** ASSIGNMENT **
Up to and including the line that holds "Assuming a 6%", print the data exactly from its first line; do not print the pictures.

** GIVEN DATA **
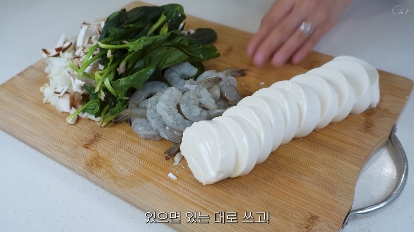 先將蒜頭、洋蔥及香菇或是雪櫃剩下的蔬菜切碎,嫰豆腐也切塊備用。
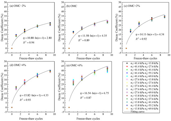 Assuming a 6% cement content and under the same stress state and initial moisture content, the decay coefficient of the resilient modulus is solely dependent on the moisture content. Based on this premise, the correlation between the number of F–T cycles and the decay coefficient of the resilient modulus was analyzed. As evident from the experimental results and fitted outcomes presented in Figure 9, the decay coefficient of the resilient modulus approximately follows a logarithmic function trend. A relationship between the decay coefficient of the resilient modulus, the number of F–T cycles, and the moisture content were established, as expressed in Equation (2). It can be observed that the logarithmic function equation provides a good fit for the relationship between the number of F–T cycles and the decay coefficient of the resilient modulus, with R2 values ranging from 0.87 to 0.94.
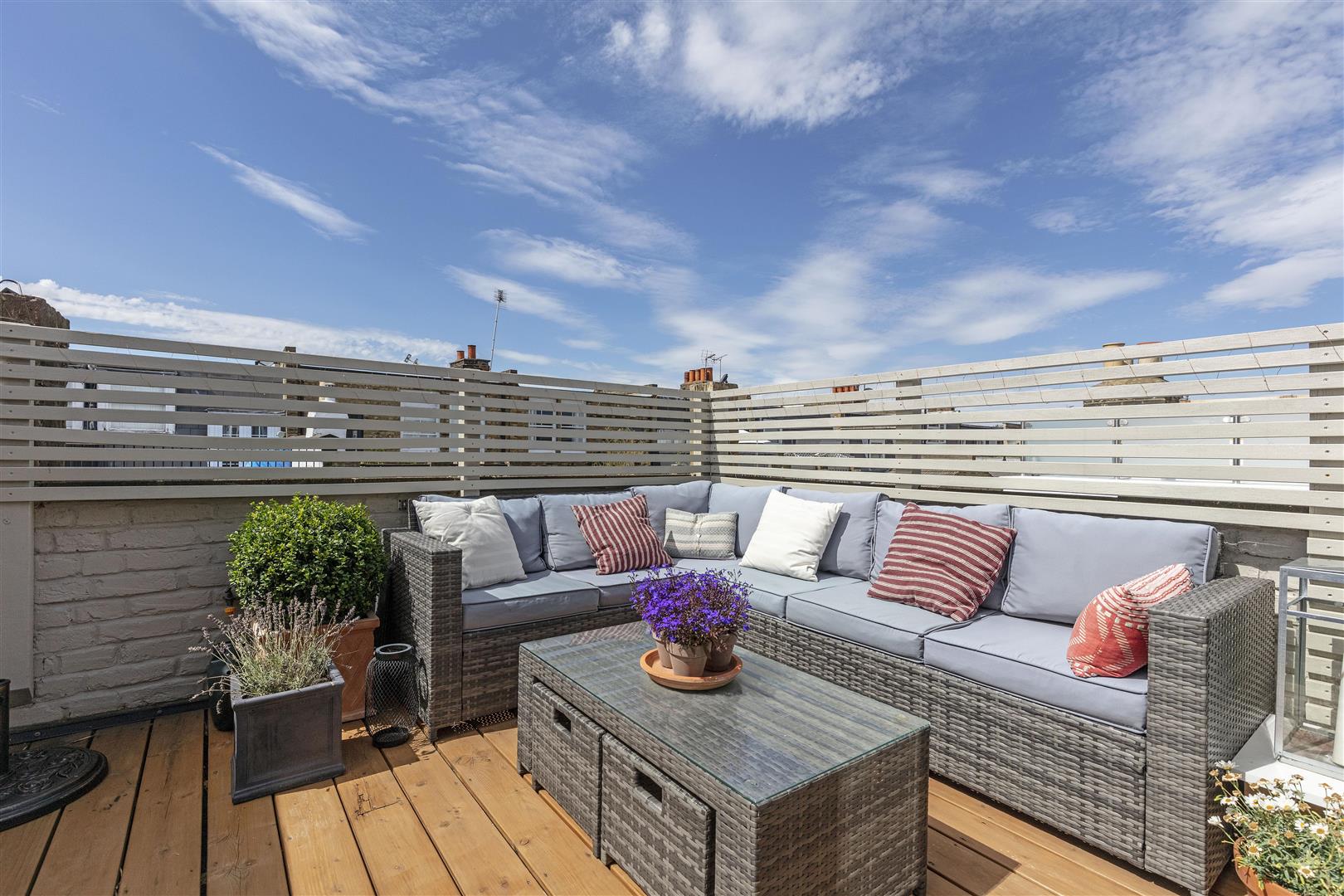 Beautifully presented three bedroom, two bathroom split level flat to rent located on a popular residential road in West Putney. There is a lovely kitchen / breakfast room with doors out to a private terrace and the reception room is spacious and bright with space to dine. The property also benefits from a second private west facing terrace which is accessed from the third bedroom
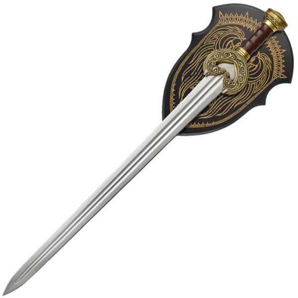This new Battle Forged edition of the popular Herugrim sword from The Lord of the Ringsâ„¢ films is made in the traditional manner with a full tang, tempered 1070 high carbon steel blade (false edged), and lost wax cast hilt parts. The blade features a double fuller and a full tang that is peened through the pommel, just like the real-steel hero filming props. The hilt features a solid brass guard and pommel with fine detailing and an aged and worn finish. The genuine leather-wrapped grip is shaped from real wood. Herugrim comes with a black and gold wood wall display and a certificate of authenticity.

** TASK RESPONSE **
 先將蒜頭、洋蔥及香菇或是雪櫃剩下的蔬菜切碎,嫰豆腐也切塊備用。
 Assuming a 6% cement content and under the same stress state and initial moisture content, the decay coefficient of the resilient modulus is solely dependent on the moisture content. Based on this premise, the correlation between the number of F–T cycles and the decay coefficient of the resilient modulus was analyzed. As evident from the experimental results and fitted outcomes presented in Figure 9, the decay coefficient of the resilient modulus approximately follows a logarithmic function trend. A relationship between the decay coefficient of the resilient modulus, the number of F–T cycles, and the moisture content were established, as expressed in Equation (2). It can be observed that the logarithmic function equation provides a good fit for the relationship between the number of F–T cycles and the decay coefficient of the resilient modulus, with R2 values ranging from 0.87 to 0.94.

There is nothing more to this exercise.